Auch Bundeskanzlerin Angela Merkel ist genert

Entsprechend verärgert sind Seehofers Aussagen auch in der CDU und im Kanzleramt aufgenommen worden. Von „genervtem Augenrollen“ war die Rede, weil er nach mehrwöchiger Ruhe wieder das Thema aufrufe und den Burgfrieden von Anfang Juli gefährden könne. „Wir haben kein Interesse daran, die Dinge wieder eskalieren zu lassen“, hieß es aus der Regierungszentrale. Daher grenzte sich Kanzlerin Angela Merkel (CDU) am Donnerstag in einem Fernsehinterview zwar von Seehofers Satz ab, ohne ihren Innenminister jedoch direkt anzugehen: „Ich sage, die Migrationsfrage stellt uns vor Herausforderungen. Und dabei gibt es auch Probleme.“ Ähnlich äußerte sich die Integrationsbeauftragte Annette Widmann-Mauz: „Deutschland hat in der Vergangenheit von Zuwanderung profitiert und braucht auch künftig Zuwanderung“, sagte die Staatsministerin von der CDU unserer Zeitung: „Natürlich stellt uns die Migration auch vor Herausforderungen, die wir weiterhin entschlossen anpacken müssen.“ Doch wäre das Land „ohne Migration nicht so erfolgreich, wie es heute ist“.

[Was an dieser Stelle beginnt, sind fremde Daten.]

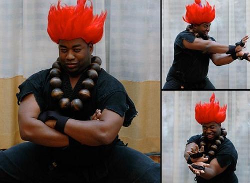 The Akuma/Gouki costume shown above can be found at HalloweenCostumeSale for about fifty bucks and it comes with the gi top and bottom, rope belt, fighting gloves, and a prayer bead necklace. Unfortunately, the flaming red wig is not included.
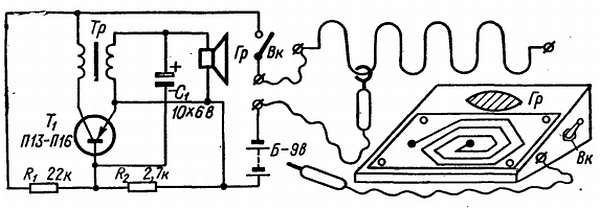 Звуковой генератор собирается на одном транзисторе Т1 типа П13 — П16 с коэффициентом усиления В порядка 30–40. Частота генератора определяется емкостью конденсатора С1 и сопротивлением резистора R1. Трансформатор Тр — любой выходной от транзисторного радиоприемника. Если имеется трансформатор, рассчитанный на работу в двухтактном режиме, то следует использовать половину первичной обмотки. Выход генератора нагружается маломощным громкоговорителем, например типа 0,2 ГД-1 (если при включении генератор не работает, необходимо поменять местами концы первичной или вторичной обмоток трансформатора).
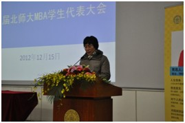 2012年12月15日18:30,北京师范大学第五届MBA学生代表大会在敬文讲堂隆重举行。出席本届大会的有北京师范大学经济管理学院葛玉良副书记、高明华副院长、MBA中心张平淡主任、院长助理、MBA中心副主任狄承锋老师、院团委书记张璇老师以及MBA中心老师、候选人和各班推举出的学生代表。另外,经管学院研究生会主席郝壮、学生会主席耿园也应邀出席了本次会议。
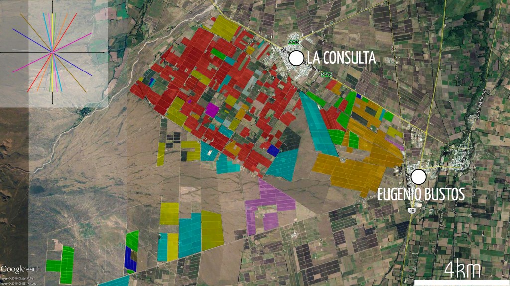 Este distrito posee ciertas curiosidades que lo hacen único. Una de ellas es el amplísimo rango de orientaciones de los espalderos. Quien les escribe llegó a detectar 14 orientaciones diferentes. La que más abunda es la marcada con color rojo (NE-SW), orientada con respecto a las calles. La segunda en abundancia es la amarilla (N-S). Cabe aclarar que no hice el análisis de todo el distrito sino de una porción representativa. Para los puristas, alguno de los viñedos analizados están en el distrito de Eugenio Bustos.
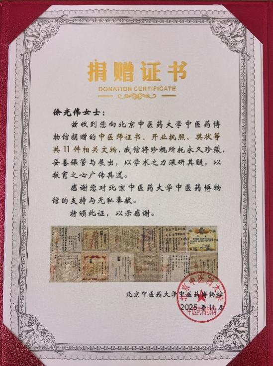 多年来博物馆针对民国和建国初期中医学校毕业证书、中医师开业执照、中医师证书及教材、杂志等广泛征集,同时在博物馆四楼中国医学史展厅设有证书内容专题展览,此次捐赠进一步充实了我馆证书类文物的馆藏,也是对我馆中国医学史近现代部分馆藏文物的有效补充,对于了解当代中医学的发展具有启示意义。
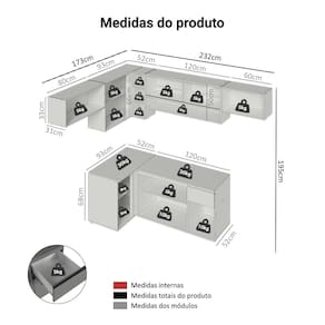 - 52 cm de profundidade nos balcões e 31 cm nos aéreos
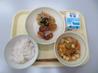 12月12日の給食です。和野菜のだいこんも立派な洋食メニュー(サラダ)に変身です。

Der Landesgruppenchef der baden-württembergischen CDU-Bundestagsabgeordneten, Andreas Jung, rügte Seehofer ebenfalls: „Der Satz ist falsch – das zeigt schon der Umkehrschluss, wonach es ohne Migration in Deutschland keine Probleme gäbe, was schon angesichts des Handlungsbedarfs wegen Demografie, Fachkräftemangel und Klimawandel einfach nicht stimmt.“ Jung forderte ihn zur Mäßigung auf.